Given material
# # # # #

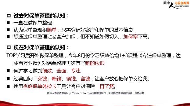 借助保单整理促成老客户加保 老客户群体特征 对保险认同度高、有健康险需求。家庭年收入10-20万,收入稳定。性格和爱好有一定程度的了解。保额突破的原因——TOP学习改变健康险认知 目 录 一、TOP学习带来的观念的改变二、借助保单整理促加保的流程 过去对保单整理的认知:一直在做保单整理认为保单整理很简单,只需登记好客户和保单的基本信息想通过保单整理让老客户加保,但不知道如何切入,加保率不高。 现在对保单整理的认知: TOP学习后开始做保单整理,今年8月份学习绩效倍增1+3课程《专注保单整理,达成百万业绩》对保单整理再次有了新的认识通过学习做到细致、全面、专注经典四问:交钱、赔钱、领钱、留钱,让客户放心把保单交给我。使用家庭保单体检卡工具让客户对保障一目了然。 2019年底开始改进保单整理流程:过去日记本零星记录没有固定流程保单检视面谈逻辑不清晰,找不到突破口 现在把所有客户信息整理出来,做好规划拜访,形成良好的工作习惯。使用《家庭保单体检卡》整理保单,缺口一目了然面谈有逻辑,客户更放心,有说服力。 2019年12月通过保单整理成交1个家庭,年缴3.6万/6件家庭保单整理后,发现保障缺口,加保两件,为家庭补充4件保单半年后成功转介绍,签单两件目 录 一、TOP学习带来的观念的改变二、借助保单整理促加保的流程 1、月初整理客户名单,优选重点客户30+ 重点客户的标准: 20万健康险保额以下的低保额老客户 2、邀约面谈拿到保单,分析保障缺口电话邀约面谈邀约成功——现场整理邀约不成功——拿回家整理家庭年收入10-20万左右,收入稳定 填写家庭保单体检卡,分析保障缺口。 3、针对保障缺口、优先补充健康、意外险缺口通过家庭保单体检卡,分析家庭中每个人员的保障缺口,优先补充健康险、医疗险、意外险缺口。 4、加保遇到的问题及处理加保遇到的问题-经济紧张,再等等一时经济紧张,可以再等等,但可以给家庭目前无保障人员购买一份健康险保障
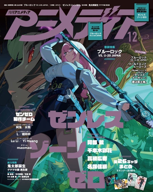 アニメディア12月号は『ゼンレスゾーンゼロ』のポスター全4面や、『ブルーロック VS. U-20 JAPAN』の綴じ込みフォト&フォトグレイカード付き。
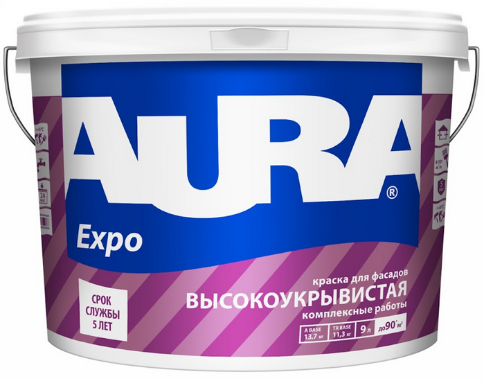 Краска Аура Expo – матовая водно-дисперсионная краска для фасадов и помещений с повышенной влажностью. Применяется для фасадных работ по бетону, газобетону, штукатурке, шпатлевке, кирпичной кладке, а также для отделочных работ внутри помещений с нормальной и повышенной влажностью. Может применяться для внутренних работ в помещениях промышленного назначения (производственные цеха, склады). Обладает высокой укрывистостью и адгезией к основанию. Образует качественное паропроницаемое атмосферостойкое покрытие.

# # # # #

Whenever a picture appears in the listing, leave it out; copy everything else exactly.

Exercise output
 借助保单整理促成老客户加保 老客户群体特征 对保险认同度高、有健康险需求。家庭年收入10-20万,收入稳定。性格和爱好有一定程度的了解。保额突破的原因——TOP学习改变健康险认知 目 录 一、TOP学习带来的观念的改变二、借助保单整理促加保的流程 过去对保单整理的认知:一直在做保单整理认为保单整理很简单,只需登记好客户和保单的基本信息想通过保单整理让老客户加保,但不知道如何切入,加保率不高。 现在对保单整理的认知: TOP学习后开始做保单整理,今年8月份学习绩效倍增1+3课程《专注保单整理,达成百万业绩》对保单整理再次有了新的认识通过学习做到细致、全面、专注经典四问:交钱、赔钱、领钱、留钱,让客户放心把保单交给我。使用家庭保单体检卡工具让客户对保障一目了然。 2019年底开始改进保单整理流程:过去日记本零星记录没有固定流程保单检视面谈逻辑不清晰,找不到突破口 现在把所有客户信息整理出来,做好规划拜访,形成良好的工作习惯。使用《家庭保单体检卡》整理保单,缺口一目了然面谈有逻辑,客户更放心,有说服力。 2019年12月通过保单整理成交1个家庭,年缴3.6万/6件家庭保单整理后,发现保障缺口,加保两件,为家庭补充4件保单半年后成功转介绍,签单两件目 录 一、TOP学习带来的观念的改变二、借助保单整理促加保的流程 1、月初整理客户名单,优选重点客户30+ 重点客户的标准: 20万健康险保额以下的低保额老客户 2、邀约面谈拿到保单,分析保障缺口电话邀约面谈邀约成功——现场整理邀约不成功——拿回家整理家庭年收入10-20万左右,收入稳定 填写家庭保单体检卡,分析保障缺口。 3、针对保障缺口、优先补充健康、意外险缺口通过家庭保单体检卡,分析家庭中每个人员的保障缺口,优先补充健康险、医疗险、意外险缺口。 4、加保遇到的问题及处理加保遇到的问题-经济紧张,再等等一时经济紧张,可以再等等,但可以给家庭目前无保障人员购买一份健康险保障
 アニメディア12月号は『ゼンレスゾーンゼロ』のポスター全4面や、『ブルーロック VS. U-20 JAPAN』の綴じ込みフォト&フォトグレイカード付き。
 Краска Аура Expo – матовая водно-дисперсионная краска для фасадов и помещений с повышенной влажностью. Применяется для фасадных работ по бетону, газобетону, штукатурке, шпатлевке, кирпичной кладке, а также для отделочных работ внутри помещений с нормальной и повышенной влажностью. Может применяться для внутренних работ в помещениях промышленного назначения (производственные цеха, склады). Обладает высокой укрывистостью и адгезией к основанию. Образует качественное паропроницаемое атмосферостойкое покрытие.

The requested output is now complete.